### WHAT TO DO
Among the entries below, find the line with "tostada empapada con" and the line with "海鸥舞蹁迁,人鸥共和谐。1月". Return exactly those lines and every line between them, but no pictures.
═══ THE RECORDS ═══
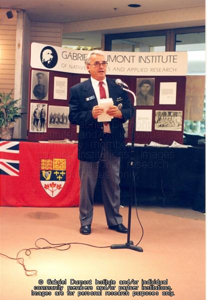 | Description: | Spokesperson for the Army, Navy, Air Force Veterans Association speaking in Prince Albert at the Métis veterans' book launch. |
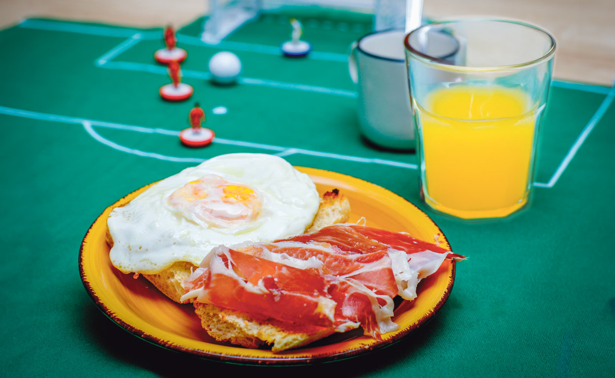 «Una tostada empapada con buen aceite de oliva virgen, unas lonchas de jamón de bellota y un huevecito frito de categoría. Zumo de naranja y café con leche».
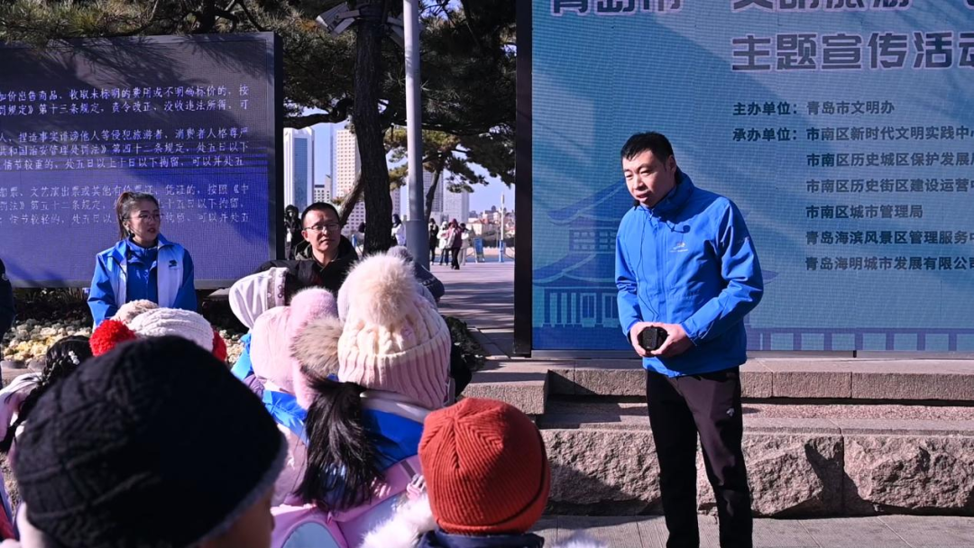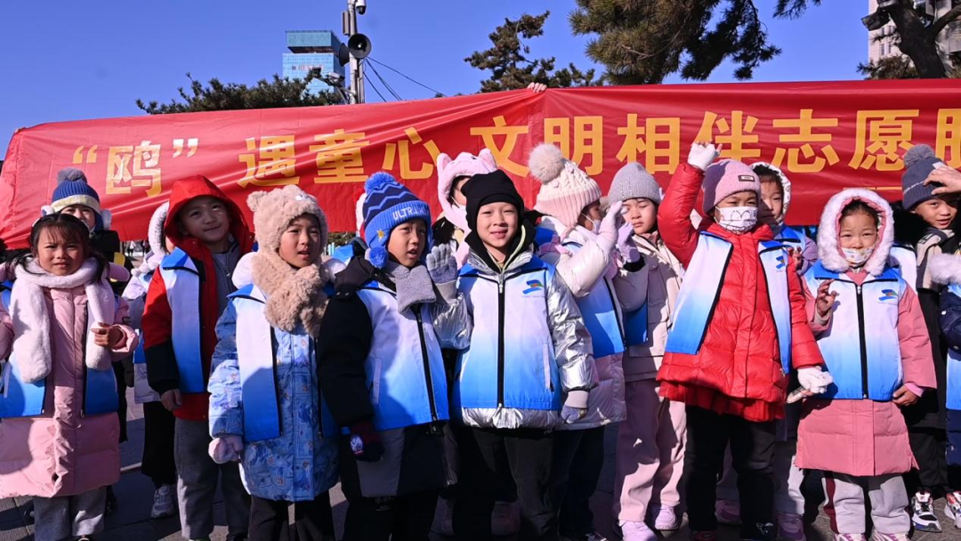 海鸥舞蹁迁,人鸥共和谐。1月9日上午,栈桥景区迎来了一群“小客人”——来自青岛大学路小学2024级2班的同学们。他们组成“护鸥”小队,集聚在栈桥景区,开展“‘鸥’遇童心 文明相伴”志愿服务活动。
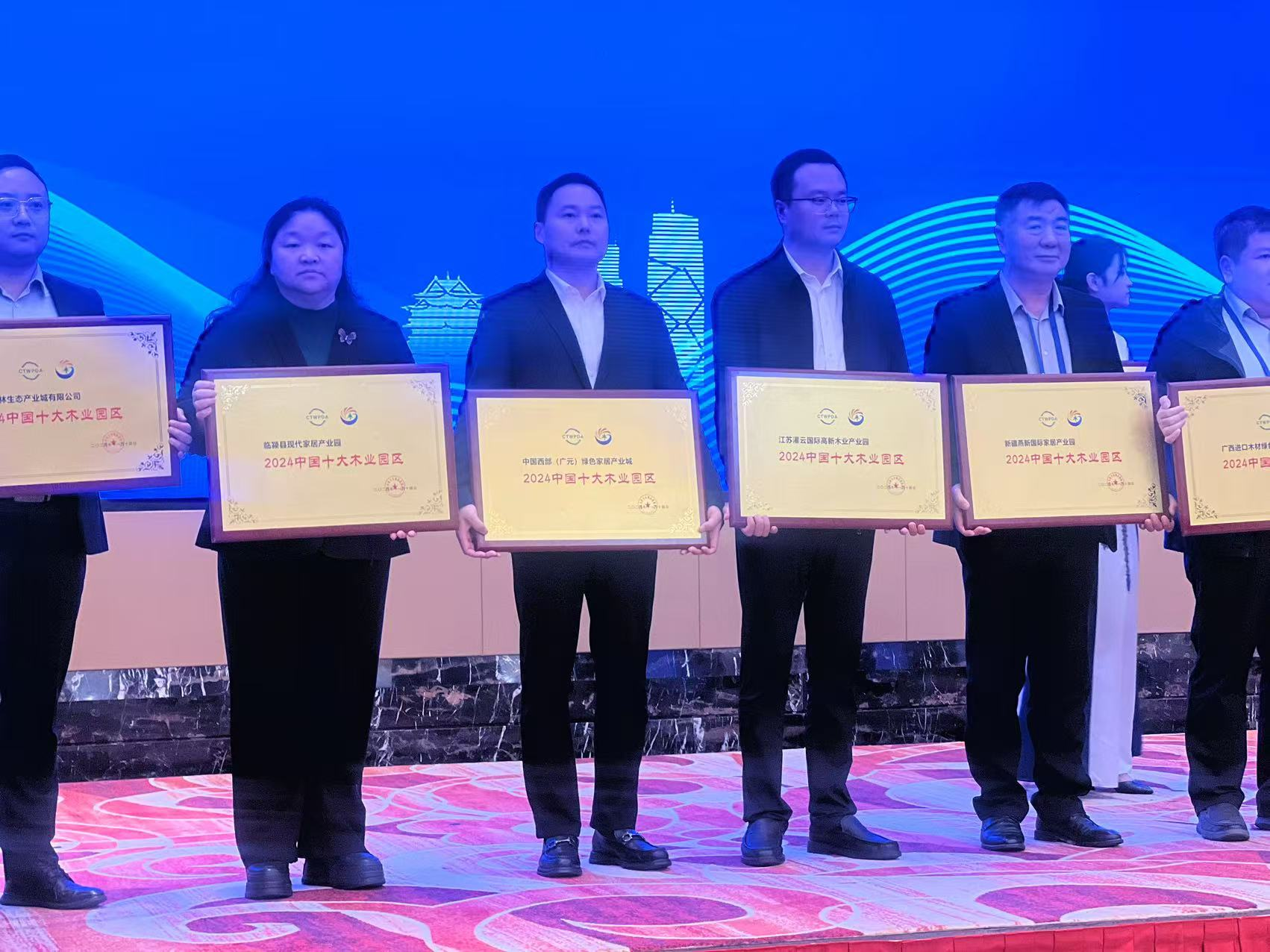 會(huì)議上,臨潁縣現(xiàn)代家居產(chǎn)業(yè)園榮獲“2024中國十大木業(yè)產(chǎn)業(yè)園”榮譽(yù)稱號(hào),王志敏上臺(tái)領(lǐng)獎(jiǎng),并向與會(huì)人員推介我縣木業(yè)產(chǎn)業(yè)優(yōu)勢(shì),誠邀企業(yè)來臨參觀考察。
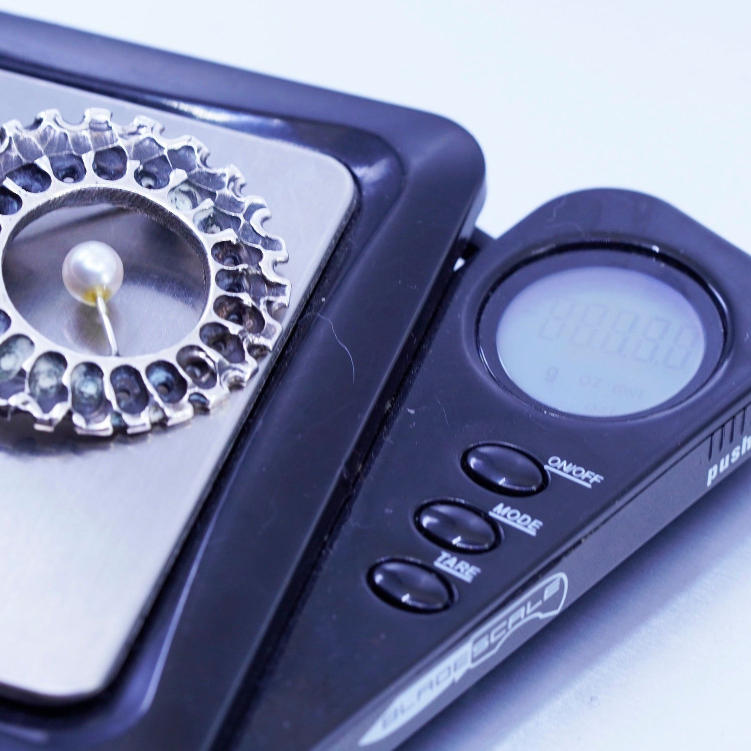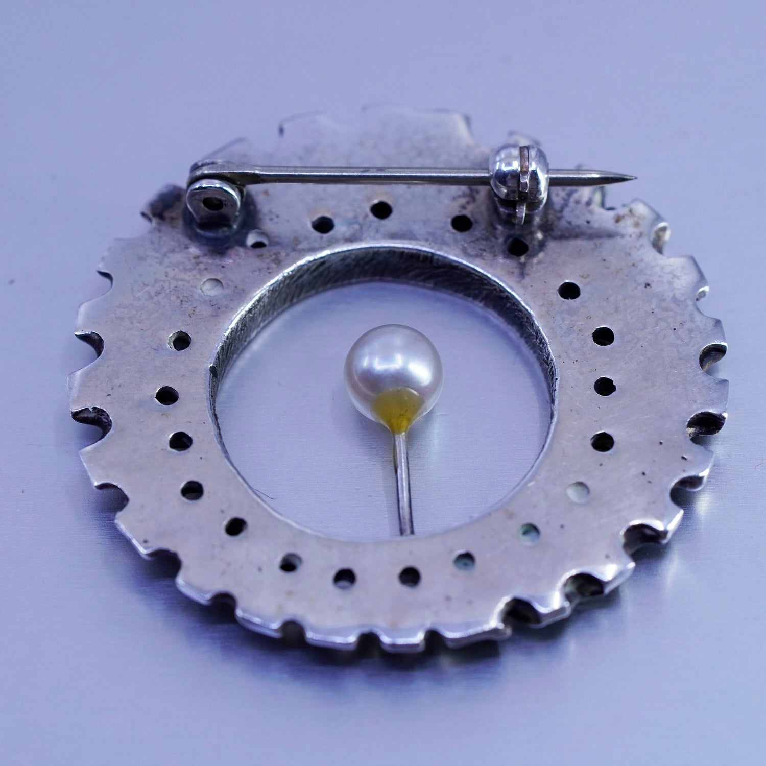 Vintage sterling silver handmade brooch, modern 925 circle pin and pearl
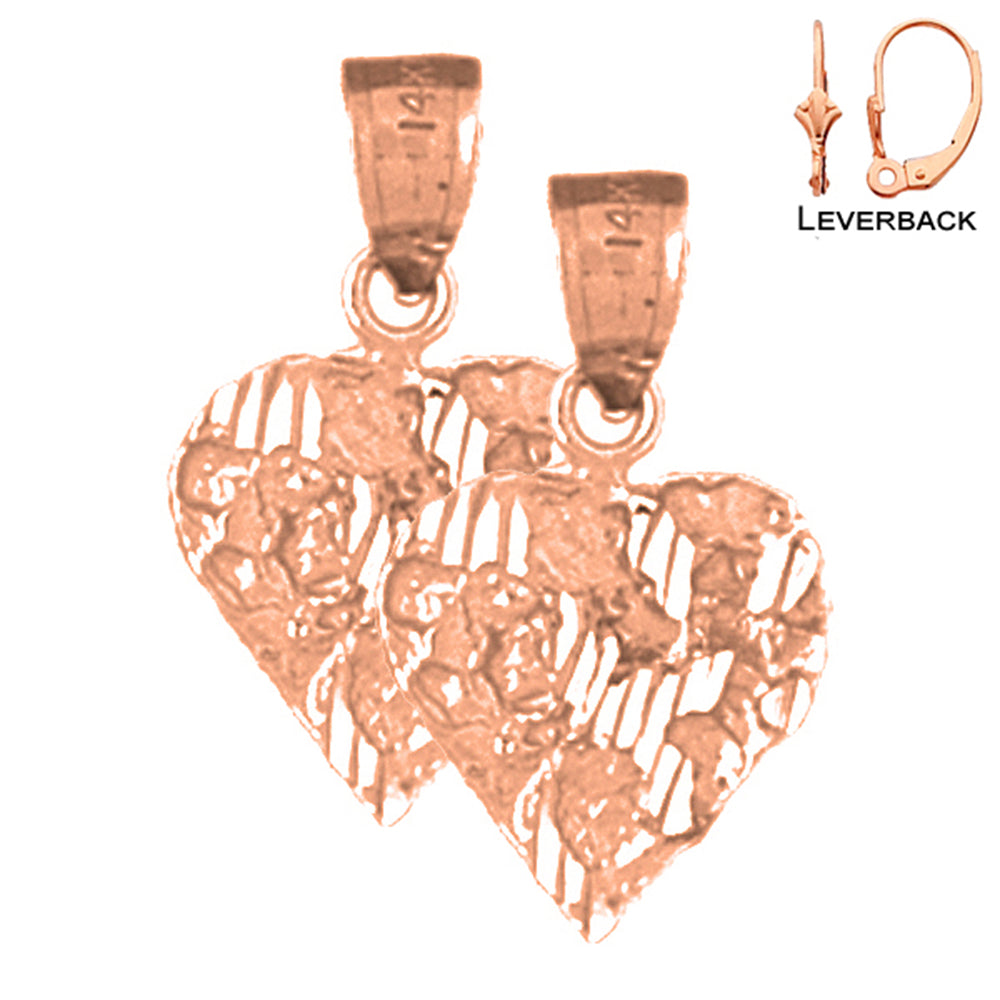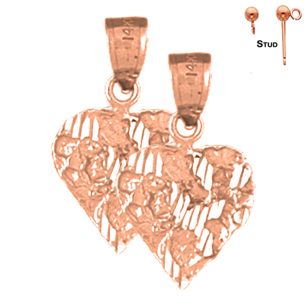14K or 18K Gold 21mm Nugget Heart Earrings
═══
### ANSWER SPACE
 «Una tostada empapada con buen aceite de oliva virgen, unas lonchas de jamón de bellota y un huevecito frito de categoría. Zumo de naranja y café con leche».
 海鸥舞蹁迁,人鸥共和谐。1月9日上午,栈桥景区迎来了一群“小客人”——来自青岛大学路小学2024级2班的同学们。他们组成“护鸥”小队,集聚在栈桥景区,开展“‘鸥’遇童心 文明相伴”志愿服务活动。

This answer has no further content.